Companies looking to automate their workforce may find solace in a prediction from China electronic vehicle maker NIO, with a company senior executive stating artificial intelligence and robotics will comprise 30% of its global workforce.
First reported by the South China Morning Post, the prediction comes at a time when Nio is slashing 30% of its workforce with a long-term plan to fully automate using advanced artificial intelligence and robotics.
The shift to full automation won’t only impact the company’s rank-and-file workers, it will also impact senior executives. Nio reportedly plans to cut management positions by 50%
“We want to resort to AI technologies to largely reduce reliance on skilled workers and technicians, and hence save more labor costs,” said Ji Huaqiang, Nio vice-president of manufacturing, logistics, and operations, on November 24 “If 80 percent of our manufacturing decisions can be made by AI, it will enable us to reduce 50 percent of our managerial positions in 2025.”
A Combative Market
Nio, which plans to enter the U.S. lucrative automotive market by 2025, says it’s losing market share in China as the region’s expanding auto manufacturing market now holds 200 companies, signaling major “over capacity,” Nio notes.
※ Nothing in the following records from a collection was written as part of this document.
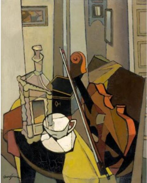 NATURE MORTE AU VIOLON ET BOUTEILLE
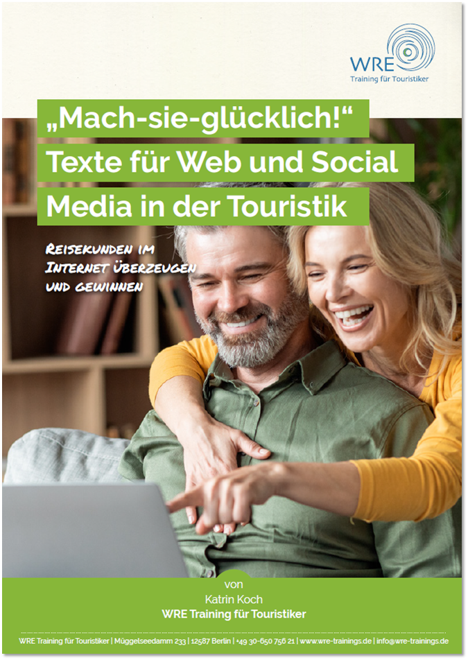 Handbuch für Deine wirkungsvollen Texte auf Euren Websites, in Euren Newslettern und auf den Social Media Kanälen. Mit 105 Textbeispielen zum Abschreiben. Wir zeigen Dir, wie Du für Eure Webseite und den Newsletter tolle Beiträge schreiben kannst und für Facebook und Instagram spannende Posts textest. Tipps und Tricks inklusive. Du erfährst auch, wie Dein Reiseunternehmen souverän mit Beschwerden im Internet umgeht,
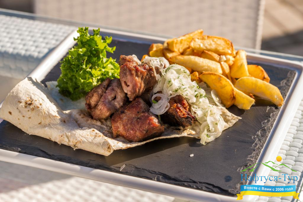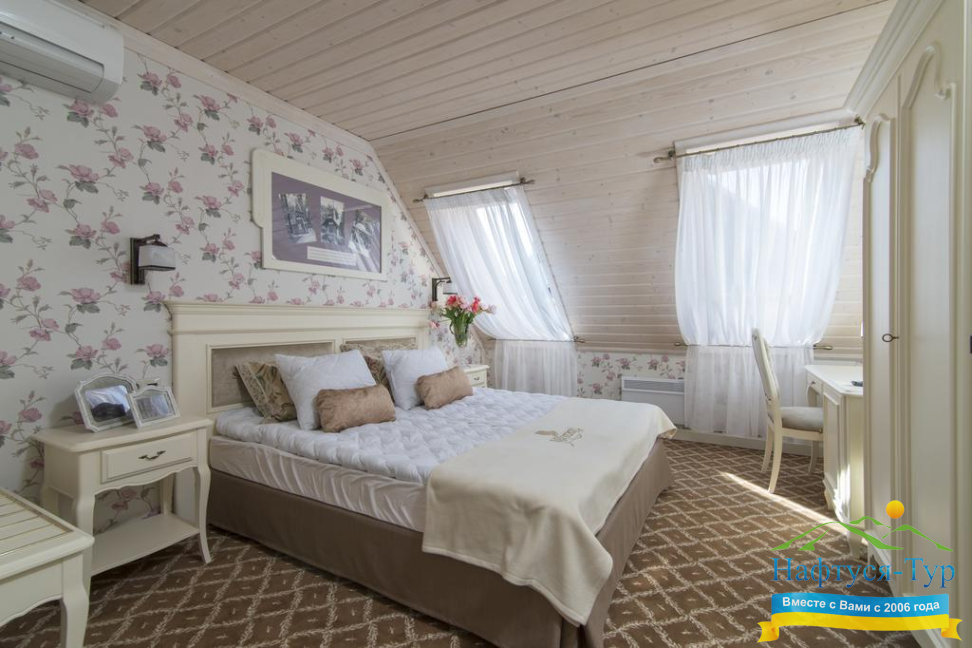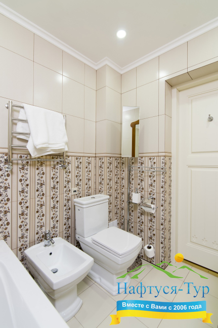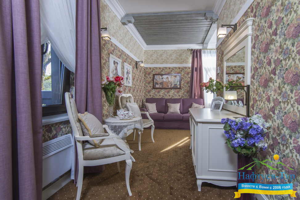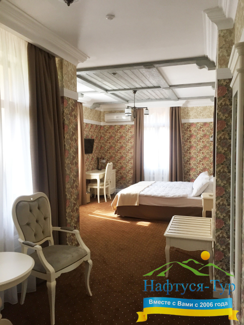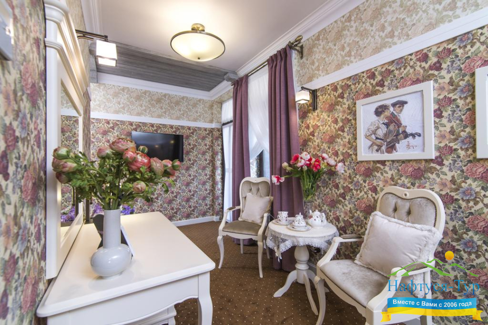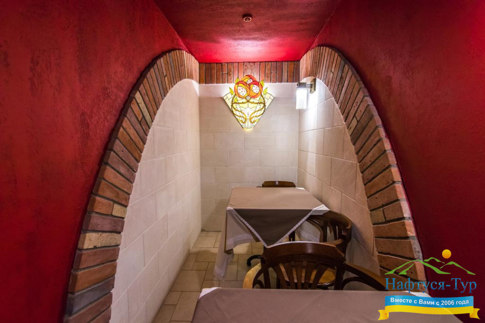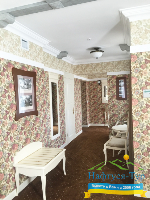 Расположение виллы «Моцарт»: 2 мин. пешком до бювета №1, 10 мин. пешком до офиса «НАФТУСЯ-ТУР»
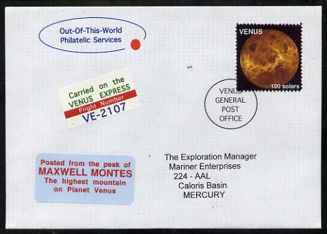 Planet Venus (Fantasy) cover to Mercury bearing Venus 100 solar stamp 'Posted from the peak of Maxwell Montes' and carried on the 'Venus Express Flight VE-2107'.,An attractive fusion between Science Fiction and Philatelic Fantasy produced by 'Out of this World Philatelic Services'.
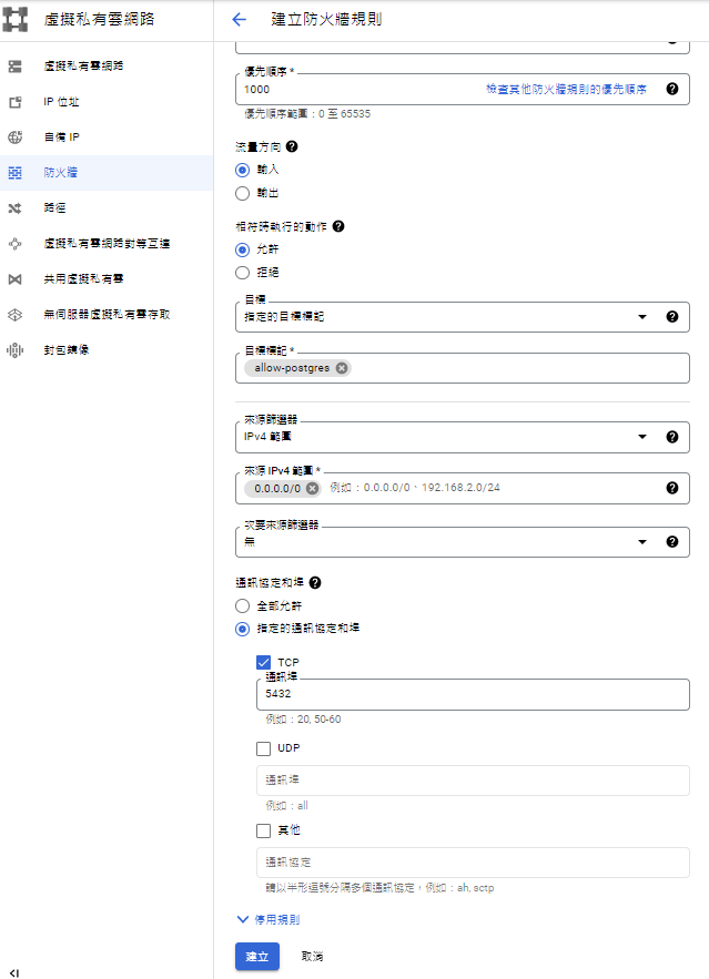 網路標記(Target tags)增加剛剛建立的allow-postgres - 按儲存
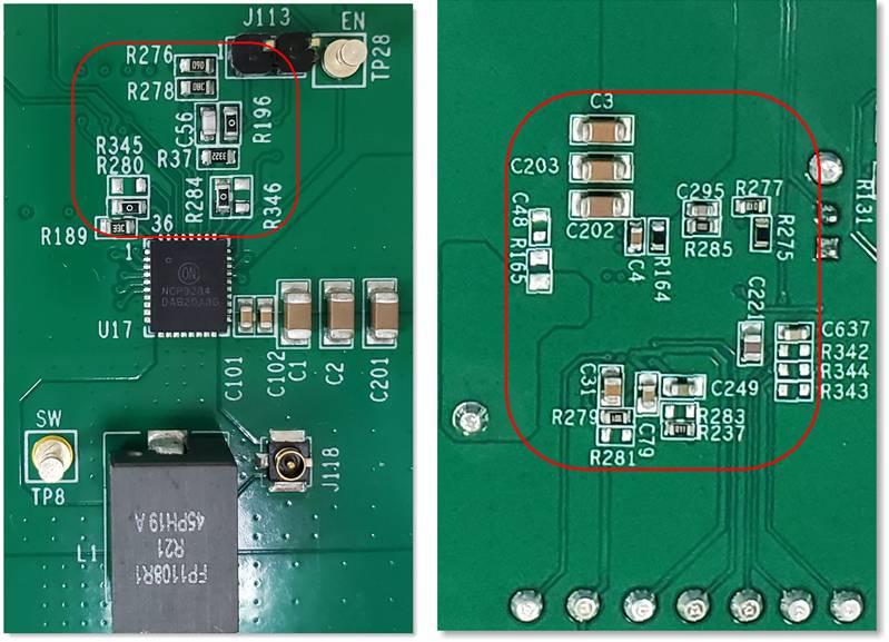 實際在評估板上的線路,廠商事先將預設成 ( 如圖1. ) 的架構模型;而 ( 如圖2. ) 線路上的零件 ( R283/R281 ) 則為 DNP 預留無上件。
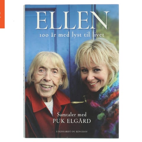 Puk Elgard "Ellen – 100 år med lyst til livet" bog. Biografisk samtalebog på dansk om Ellen, der fortæller om sit lange liv, erfaringer og livssyn gennem samtaler med Puk Elgard. Velegnet til læsere med interesse for biografier, livshistorier og personlige fortællinger.
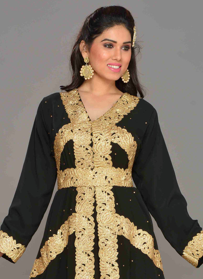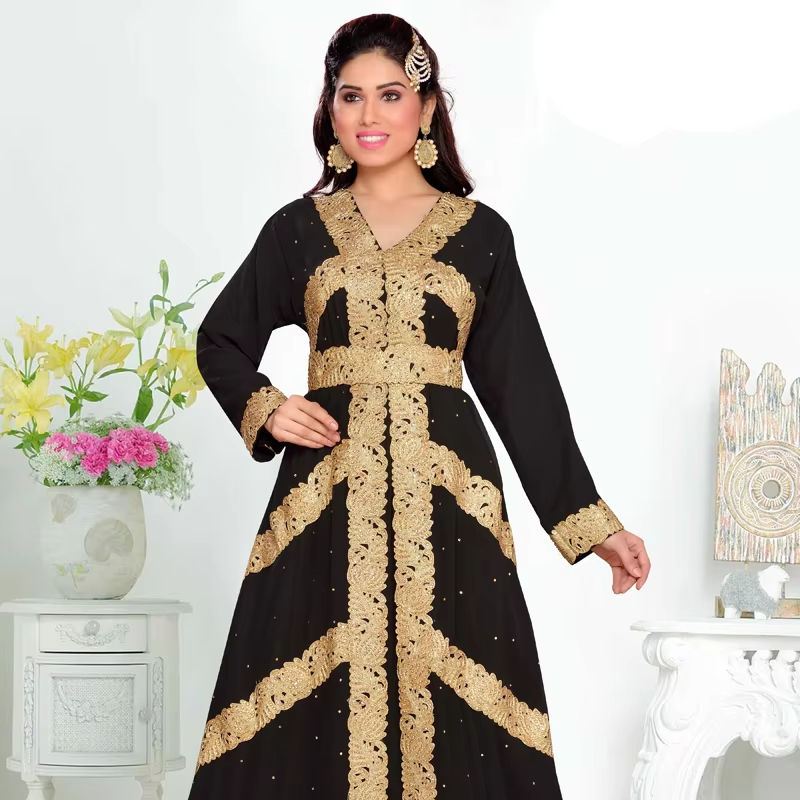 ชุดคาฟตันผ้าจอร์เจียอิสลามปักสีดำ

The automaker hasn’t generated a profit since it rolled out in 2014 and its future ability to do so may well depend on a “labor-free” workforce that’s highly dependent on advanced AI to produce vehicles at a profit over the next few years.
The EV maker does have two major manufacturing plants that combine to produce 450,000 new vehicles per shift, with an average human workforce of 1,000 employees per shift.
Already, 756 robots are being used to “achieve 100% automation” at Nio’s second plant in Hefei, China, SCMP reports.
Expect Nio to lean into advanced AI and robotics even more as it looks to boost manufacturing output to gain market share.
“Nio already has a big production capacity and its manufacturing technique is advanced enough to support high growth,” said Chen Jinzhu, CEO of Shanghai Mingliang Auto Service, a manufacturing consulting company. “The company needs to design and produce more vehicles that can appeal to more Chinese drivers to bolster sales.”